■ Exercise directions ■
Scan the material for the word "your", and copy each line where it shows up.

*** The data Section Begins ***

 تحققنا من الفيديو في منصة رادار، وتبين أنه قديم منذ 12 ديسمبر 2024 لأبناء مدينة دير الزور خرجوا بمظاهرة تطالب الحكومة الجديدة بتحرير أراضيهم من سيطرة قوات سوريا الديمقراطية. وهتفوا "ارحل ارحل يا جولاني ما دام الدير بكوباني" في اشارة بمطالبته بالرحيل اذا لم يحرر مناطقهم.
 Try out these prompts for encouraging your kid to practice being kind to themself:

*** The data Section Ends ***
*** The data Section Begins ***

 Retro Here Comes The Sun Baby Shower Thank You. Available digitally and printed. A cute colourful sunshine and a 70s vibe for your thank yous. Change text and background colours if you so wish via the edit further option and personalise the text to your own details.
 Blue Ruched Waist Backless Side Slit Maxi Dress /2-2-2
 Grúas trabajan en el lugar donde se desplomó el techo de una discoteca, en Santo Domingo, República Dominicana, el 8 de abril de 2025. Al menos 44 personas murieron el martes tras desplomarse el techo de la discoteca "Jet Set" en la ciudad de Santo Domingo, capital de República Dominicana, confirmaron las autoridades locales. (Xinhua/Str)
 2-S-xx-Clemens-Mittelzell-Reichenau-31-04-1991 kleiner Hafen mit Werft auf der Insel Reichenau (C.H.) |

*** The data Section Ends ***

■ Solved problem ■
 Try out these prompts for encouraging your kid to practice being kind to themself:
 Retro Here Comes The Sun Baby Shower Thank You. Available digitally and printed. A cute colourful sunshine and a 70s vibe for your thank yous. Change text and background colours if you so wish via the edit further option and personalise the text to your own details.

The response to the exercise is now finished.